ALBAWABA - Just one day before a California court was scheduled to hear OpenAI's motion for dismissal, Bloomberg reports that Elon Musk withdrew his lawsuit which claims that the company's CEO Sam Altman and president Greg Brockman, broke a founding commitment last year by putting money ahead of humanity.
Musk previously claimed that OpenAI had violated a founding commitment to be a nonprofit organization that produced artificial intelligence for the greater good of humanity by turning into a "de facto subsidiary" of Microsoft.
Wednesday's hearing in San Francisco was supposed to be regarding whether the judge would decide whether to grant the defendants' motion to have the case dismissed; but, according to a court record cited by CNBC, the case has been dropped without prejudice.
On the other hand, Musk is currently seeking capital for his own artificial intelligence startup, which he is marketing as an OpenAI substitute.
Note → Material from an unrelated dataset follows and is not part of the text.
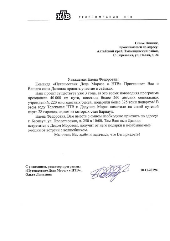 Однажды, увидев по телевизору передачу про путешествие Деда Мороза, который исполняет мечты, мы с сыночком решили написать ему письмо с нашей мечтой. но наша мечта стоит очень дорого… Мы просили помочь нам попасть на лечение, которое необходимо Даниилу, но сами мы его оплатить не можем. Написали и забыли. Но вот, спустя почти два года, наше письмо дошло до дедушки и нам ответили! Нас с Даниилом пригласили на съёмку для передачи на канале НТВ "Путешествие Деда Мороза по городам России"! Состоится встреча уже 15 ноября. Чтобы поехать, нам нужно нанять машину на целый день для поездки. А у нас затруднения с финансами… Но так хочется подарить ребёнку праздник! Ищем Добрых Волшебников и Фей, которые помогут нам осуществить эту поездку на праздник детства! Случилось одно волшебство, должно случиться и второе. Мы очень на это надеемся!

OpenAI had said that by the San Francisco lawsuit, Musk aims to have access to its "proprietary records and technology" via pretrial fact-finding and information exchange, sometimes known as discovery, according to Bloomberg.
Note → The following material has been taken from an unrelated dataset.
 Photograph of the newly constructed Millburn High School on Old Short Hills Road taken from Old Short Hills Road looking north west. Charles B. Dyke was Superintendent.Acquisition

Additionally, OpenAI claimed that Musk supported the company's intentions to turn a profit in 2017 and demanded that it raise "billions." Contrary to what Musk has alleged, OpenAI refuted any founding agreement it could have broken and denied having made any commitment to make its technology open-source.
Musk was originally a co-founder in OpenAI before departing shortly after three years according to Reuters, citing concerns over the company’s profitability goals instead of open sourcing of AI. While developing Grok, a rival to ChatGPT, he has expressed worries about the safety consequences of the rapid advancement of generative AI technology.